Cambridge book wins BBC Radio 4's 'Thinking Allowed' Ethnography Award
BBC Radio 4's Thinking Allowed programme in association with the British Sociological Association has announced the annual award for a study that has made a significant contribution to ethnography (tthe in-depth analysis of the everyday life of a culture or sub-culture). The winner of the 2016 Ethnography Award is Zimbabwe's Migrants and South Africa's Border Farms by Maxim Bolt (Cambridge, 2015).
The award has been running since 2014, and is decided by a panel of five academic judges. Last year’s winner was Ruben Andersson, with the publication, Illegality, Inc.: Clandestine migration and the business of bordering Europe.
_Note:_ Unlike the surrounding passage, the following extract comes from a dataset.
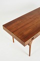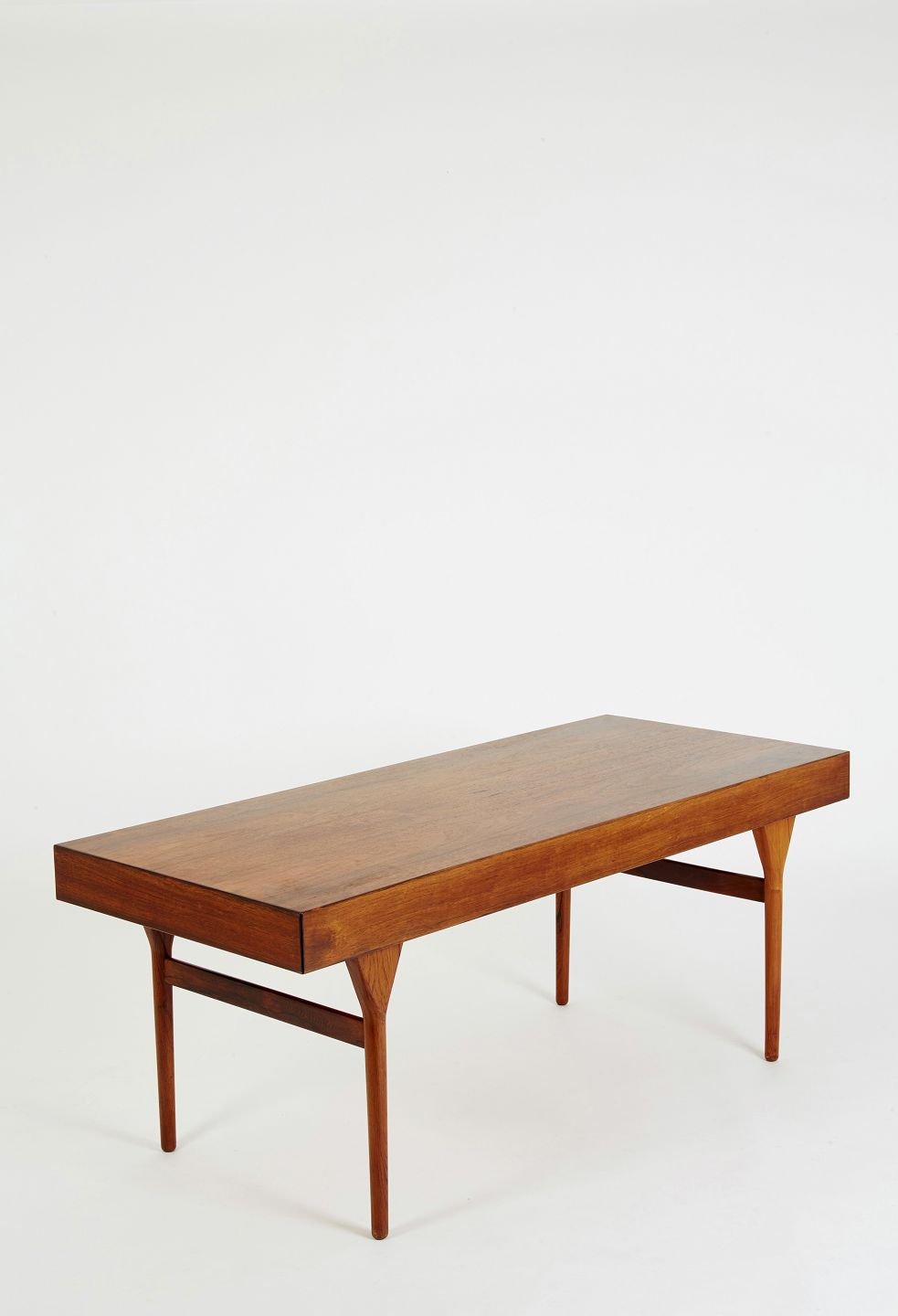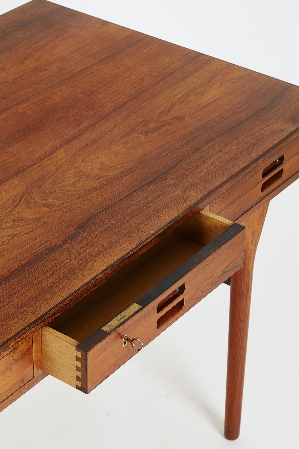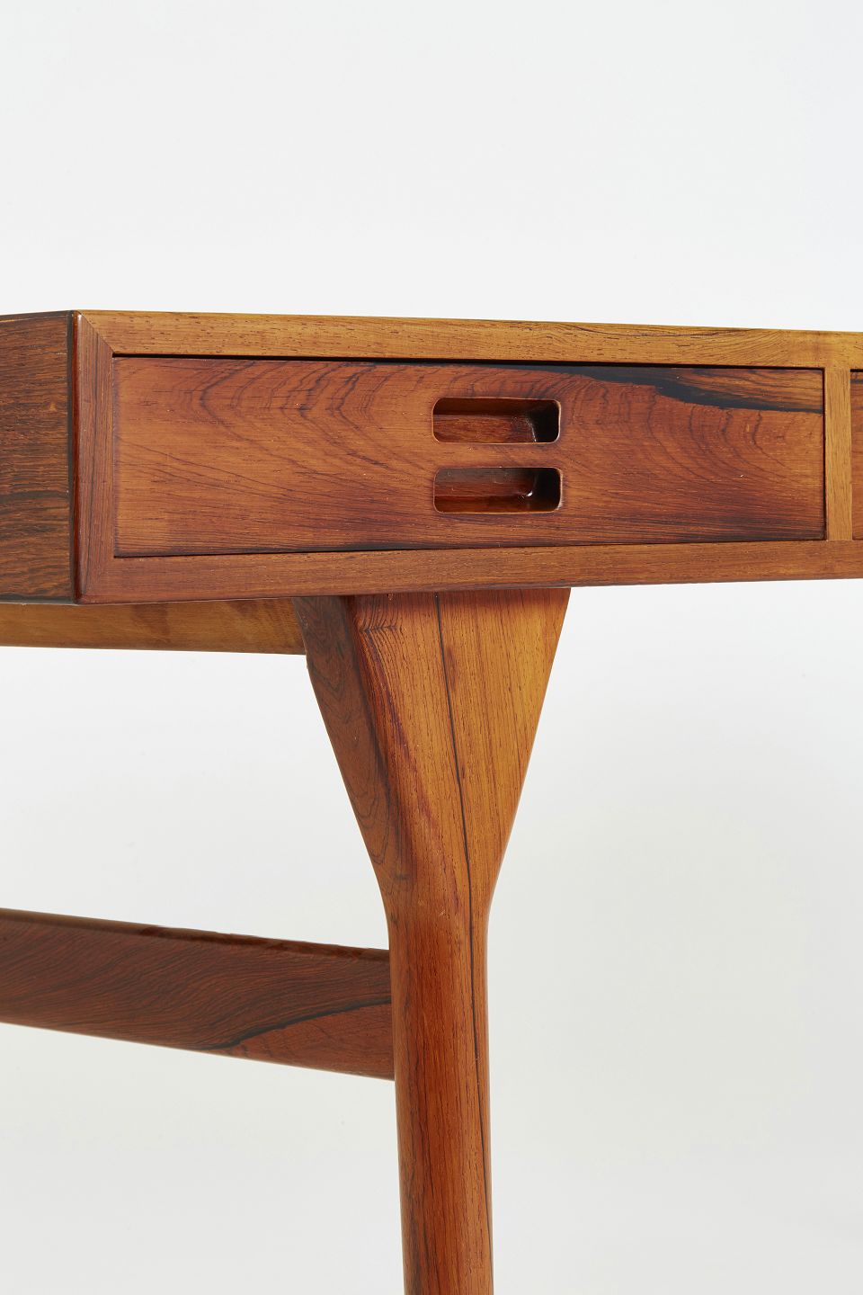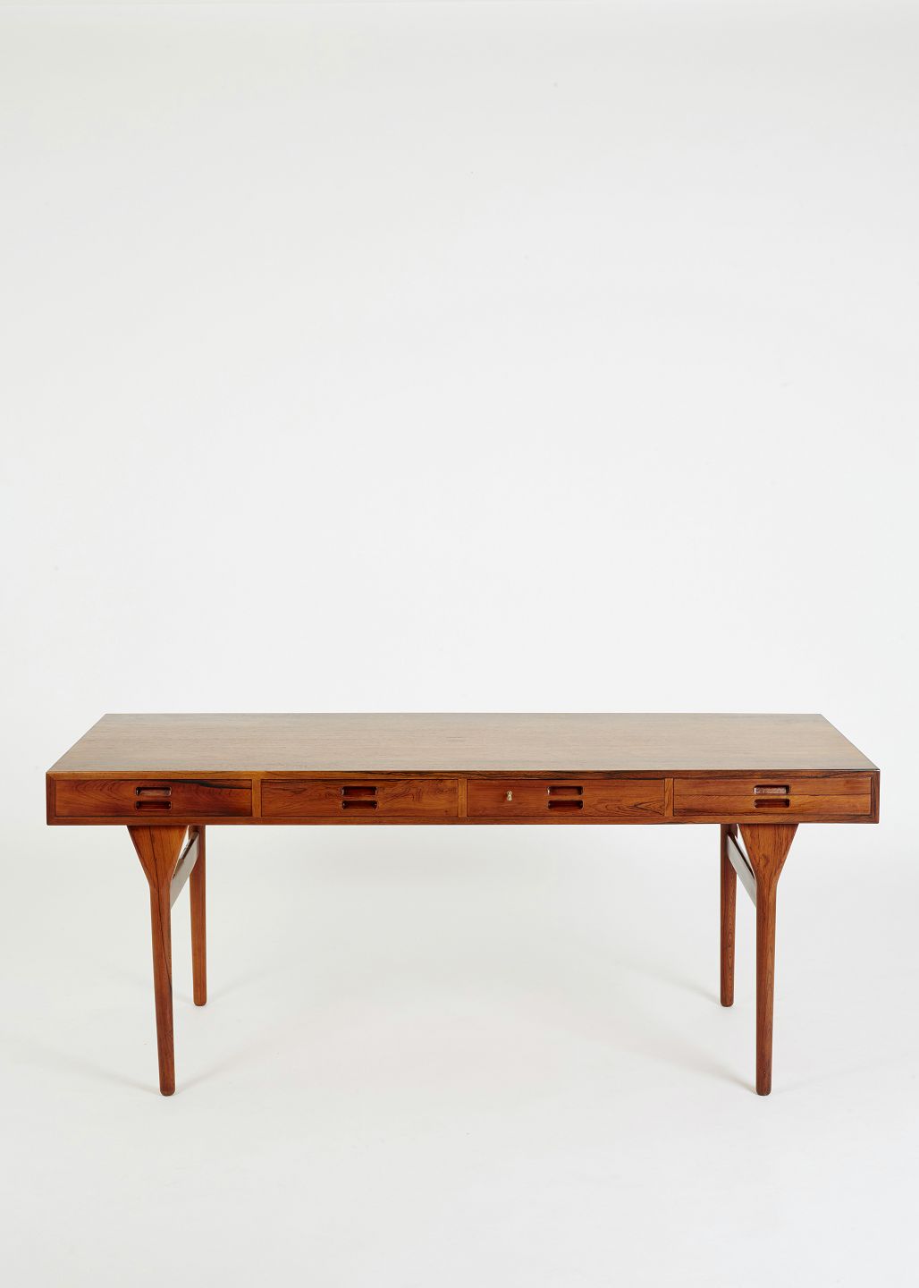 | Nanna Ditzel. Fritstående kasetteformet skrivebord af palisander, sarg med fire integrerede skuffer, på runde kegleformede ben. Formgivet i 1958. Fremstillet hos Søren Willadsen, Vejen. Fremstår i smukt renoveret stand. H. 72 cm. B. 175,5 cm. D. 75,5 cm. Emne nummer: M145 |

Professor Laurie Taylor, presenter of Thinking Allowed, said that Dr Bolt's book was "a study of life on the border between South Africa and Zimbabwe, the place where migrants from crisis times in Mugabe's Zimbabwe would turn up. It looks primarily at three groups: the farmers of citrus fruits who have their home there, together with resident workers and the new arrivals. The author lived for a year and half in the workers' compound and learned a new language to be able to facilitate his research. The judges praised this book for the manner in which he conveyed the experience of people trying to construct a sense of belonging in what was a very impermanent setting, the way in which home is established in a place that is constantly in flux. In one judge's words, it conjured up a sense of place in which one could almost smell the cooking and feel the sweat pouring from one's brow."
‘Zimbabwe's Migrants and South Africa's Border Farms’ by Maxim Bolt.is out now.